Vorgesehen sei auch ein Bundesdarlehen in Höhe von einer Milliarde Euro. Zudem solle durch größere Effizienz Geld eingespart werden, meldete die Süddeutsche Zeitung . Lauterbach betonte in diesem Zusammenhang mit Blick auf den ehemaligen Gesundheitsminister Jens Spahn (CDU), "Ich habe dieses Defizit im Wesentlichen geerbt von meinem Vorgänger". Dieser habe teure Leistungsausweitungen vorgenommen und auf Strukturreformen verzichtet.

Leistungskürzungen soll es zwar nicht geben.
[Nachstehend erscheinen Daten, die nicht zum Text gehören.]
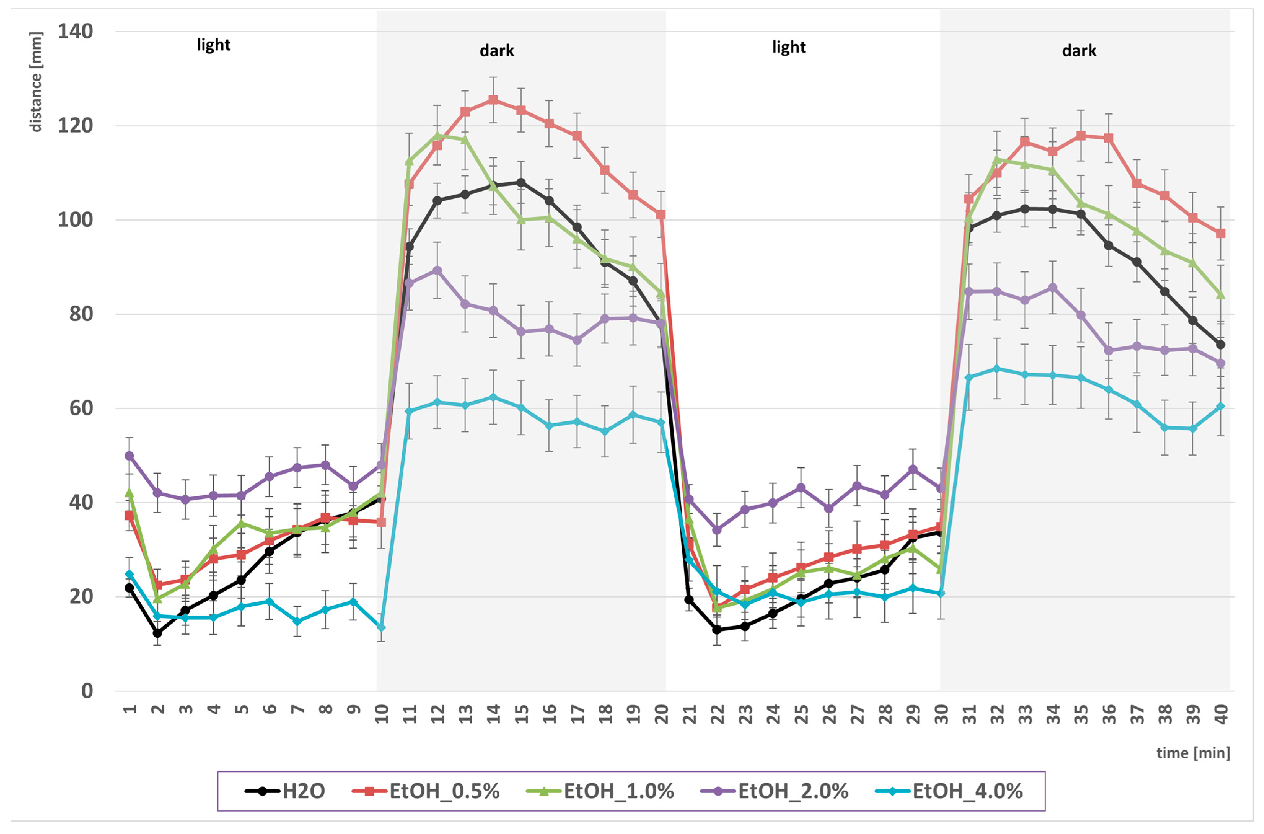 Experiments examining the effect of EtOH on the activity of D. rerio larvae were conducted during the light–dark cycle. However, the biphasic effect of EtOH was most evident during the dark phase, where the behavioral response was more pronounced and unambiguous. Therefore, to assess the effect of withanolides on the biphasic effect of EtOH, further experiments were analyzed during the dark phase.
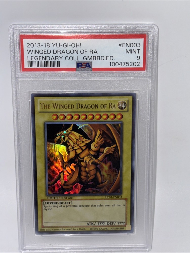 Experience the thrill of the legendary Yu-Gi-Oh! TCG with this rare winged dragon of Ra card from the 2013 Yu-Gi-Oh! Legendary Gameboard Edition. This card is a must-have for any collector or player looking to add a unique and powerful card to their deck. The card features stunning artwork and is in great shape, ready for you to use in battle. Don't miss out on the chance to own this rare card!
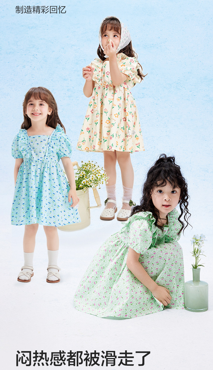 巴拉巴拉童装儿童连衣裙女童纯棉裙子夏季蝴蝶结背心裙甜美度假风 262277
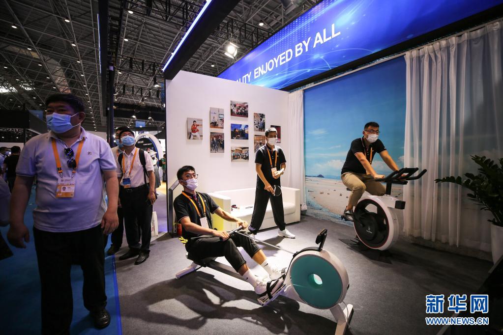 5月7日,觀眾在消博會現(xiàn)場體驗(yàn)智能運(yùn)動(dòng)產(chǎn)品。
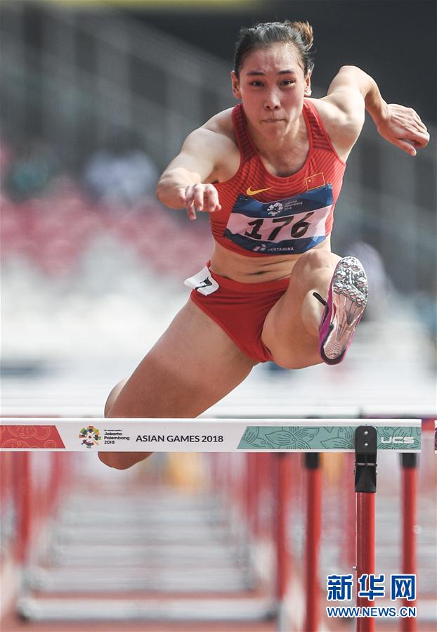 ↑8月28日,中国选手王庆铃在100米栏比赛中。当日,第18届亚运会女子七项全能比赛在雅加达举行。新华社记者潘昱龙摄
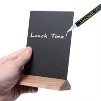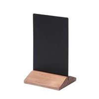 Menyholder med fleksibel, skrivbar dobbelsidig krittavle på solid lysebrun trefot til bord.
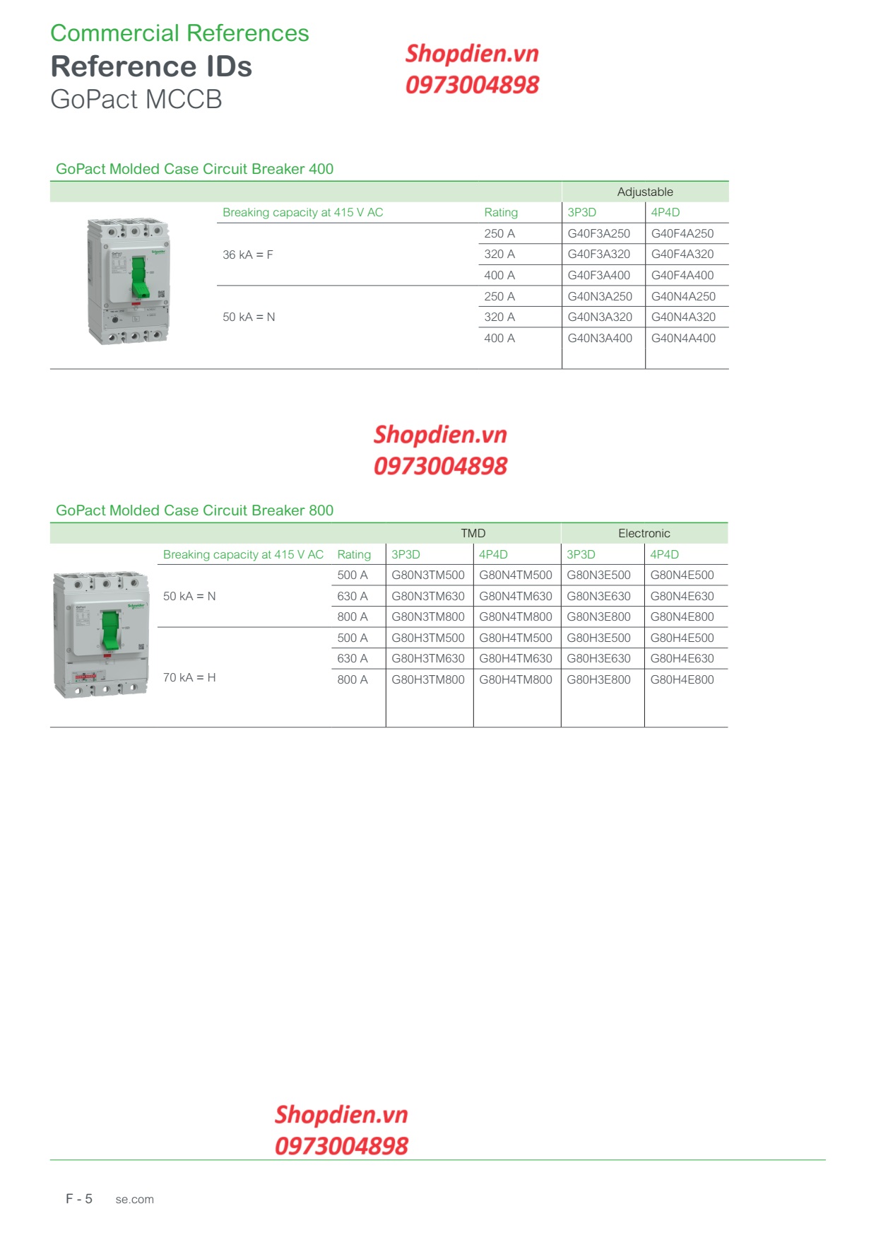 Catalogue Aptomat Cầu dao tự động MCCB 4P 500A 70kA G80H4TM500 Gopact 800H
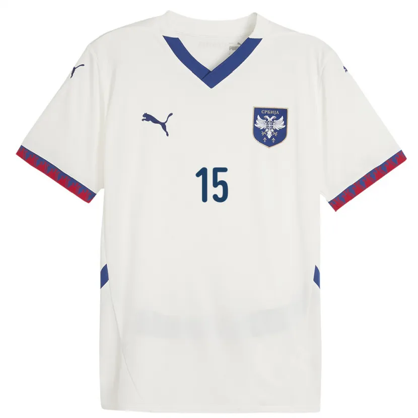 Danxen Męski Serbia Srdjan Babic #15 Biały Wyjazdowa Koszulka 24-26 Koszulki Klubowe
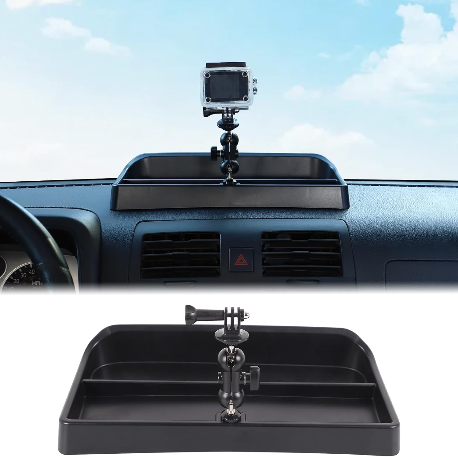 The Aunginsy Center Console Dashboard is a multifunctional storage tray and dash cam mount holder designed exclusively for the Hummer H3 models from 2005 to 2009. It replaces or enhances the existing center console storage area with a structured, elevated tray that provides compartments for small items like phones, keys, sunglasses, and charging cables. Integrated into the design is a robust dash cam mount that attaches directly to the tray, allowing you to securely mount your action camera or dash cam without drilling holes or using unreliable suction cups.

Es dürfte jedoch für die Versicherten noch schwieriger werden, Leistungen bewilligt zu bekommen, wie sie eingangs angesprochen wurden.

Seit 1. Juni können Geflüchtete aus der Ukraine Hartz-IV beantragen

Die Langzeitfolgekosten von Corona wie Long Covid sind derzeit noch nicht ansatzweise abschätzbar, da rollte schon der nächste ungedeckte Kostenblock auf die gesetzlichen Krankenkassen zu: Seit dem 1. Juni 2022 erhalten hilfebedürftige Geflüchtete aus der Ukraine die Hilfen und Sozialleistungen nicht mehr nach dem Asylbewerberleistungsgesetz, sondern nach dem Sozialgesetzbuch.

Für Arbeitslosengeld II sind in der Regel die Jobcenter zuständig, die vor allem in den großen Städten das blanke Chaos befürchten, da es kaum Personal mit ukrainischen Sprachkenntnissen gibt und viele Flüchtlinge sich in der deutschen Bürokratie mitnichten auskennen. Um Leistungen nach dem SGB II im Jobcenter beantragen zu können, wird eine Aufenthaltserlaubnis oder eine sogenannte Fiktionsbescheinigung, beziehungsweise eine durch die Ausländerbehörde ausgestellte Ersatzbescheinigung benötigt.

Im Gegensatz zu Flüchtlingen aus Russland ist die Aufenthaltsregelung für Ukrainer kein Problem. Bei den Vermögensangaben wird man sich auf die Angaben des Antragstellers verlassen müssen. Eine Überprüfung in der Ukraine dürfte noch längere Zeit nicht möglich sein. Die Unterlagen für die Antragstellung sind nur in deutscher Sprache verfügbar. Ganz so einfach will man es den Geflüchteten dann doch nicht machen.